ARM: tlb: don't perform inner-shareable invalidation for local TLB ops

Inner-shareable TLB invalidation is typically more expensive than local
(non-shareable) invalidation, so performing the broadcasting for
local_flush_tlb_* operations is a waste of cycles and needlessly
clobbers entries in the TLBs of other CPUs.

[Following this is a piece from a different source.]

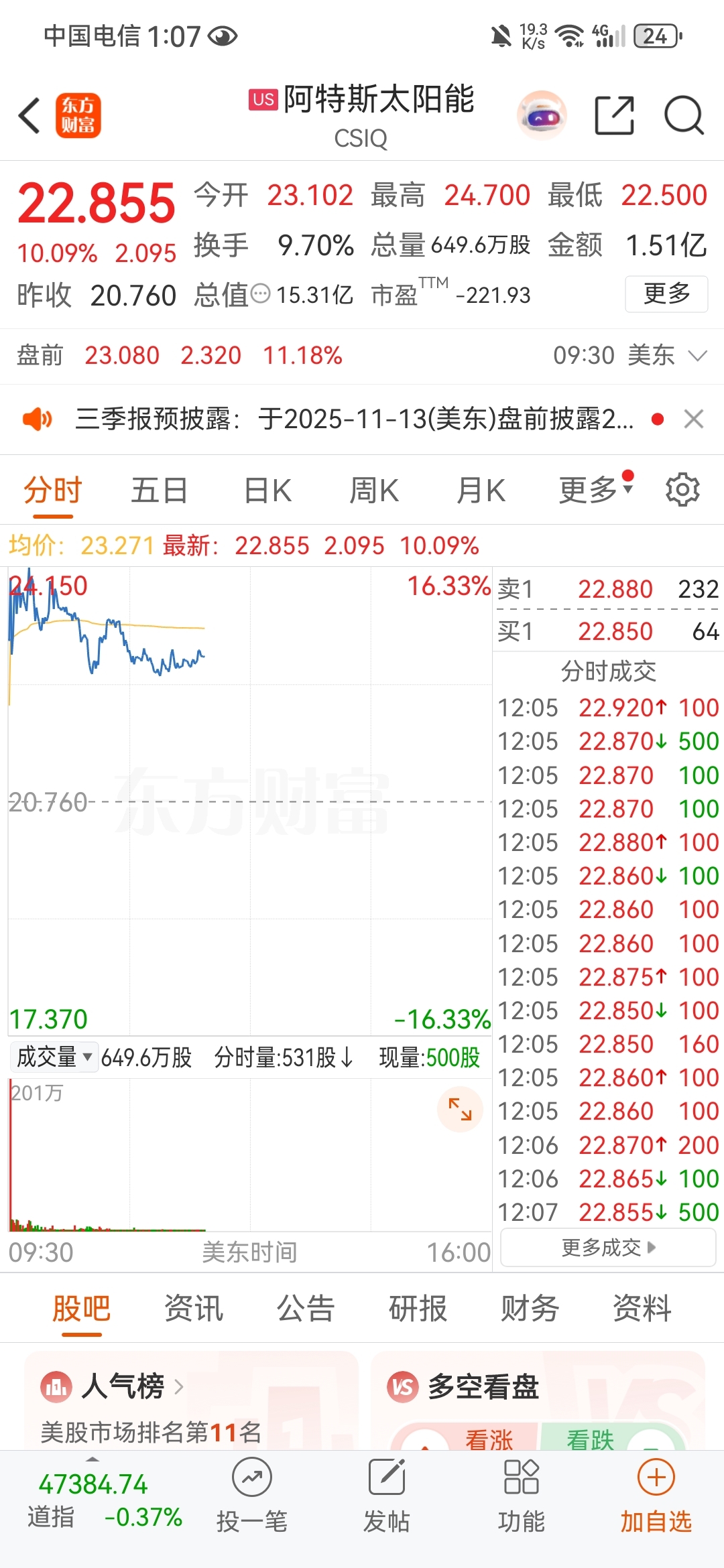 今天晚上美股的阿特斯大涨,阿特斯是A股和美股两地上市的企业,今晚阿特斯的股价大涨

This patch introduces __flush_tlb_* versions for many of the TLB
invalidation functions, which only respect inner-shareable variants of
the invalidation instructions when presented with the TLB_V7_UIS_FULL
flag. The local version is also inlined to prevent SMP_ON_UP kernels
from missing flushes, where the __flush variant would be called with
the UP flags.

This gains us around 0.5% in hackbench scores for a dual-core A15, but I
would expect this to improve as more cores (and clusters) are added to
the equation.

Reviewed-by: Catalin Marinas <catalin.marinas@arm.com>
Reported-by: Albin Tonnerre <Albin.Tonnerre@arm.com>
Signed-off-by: Will Deacon <will.deacon@arm.com>
diff --git a/arch/arm/mm/context.c b/arch/arm/mm/context.c
index 4a05444..84e6f77 100644
--- a/arch/arm/mm/context.c
+++ b/arch/arm/mm/context.c
@@ -162,10 +162,7 @@
 	}
 
 	/* Queue a TLB invalidate and flush the I-cache if necessary. */
-	if (!tlb_ops_need_broadcast())
-		cpumask_set_cpu(cpu, &tlb_flush_pending);
-	else
-		cpumask_setall(&tlb_flush_pending);
+	cpumask_setall(&tlb_flush_pending);
 
 	if (icache_is_vivt_asid_tagged())
 		__flush_icache_all();
@@ -245,8 +242,6 @@
 	if (cpumask_test_and_clear_cpu(cpu, &tlb_flush_pending)) {
 		local_flush_bp_all();
 		local_flush_tlb_all();
-		if (erratum_a15_798181())
-			dummy_flush_tlb_a15_erratum();
 	}
 
 	atomic64_set(&per_cpu(active_asids, cpu), asid);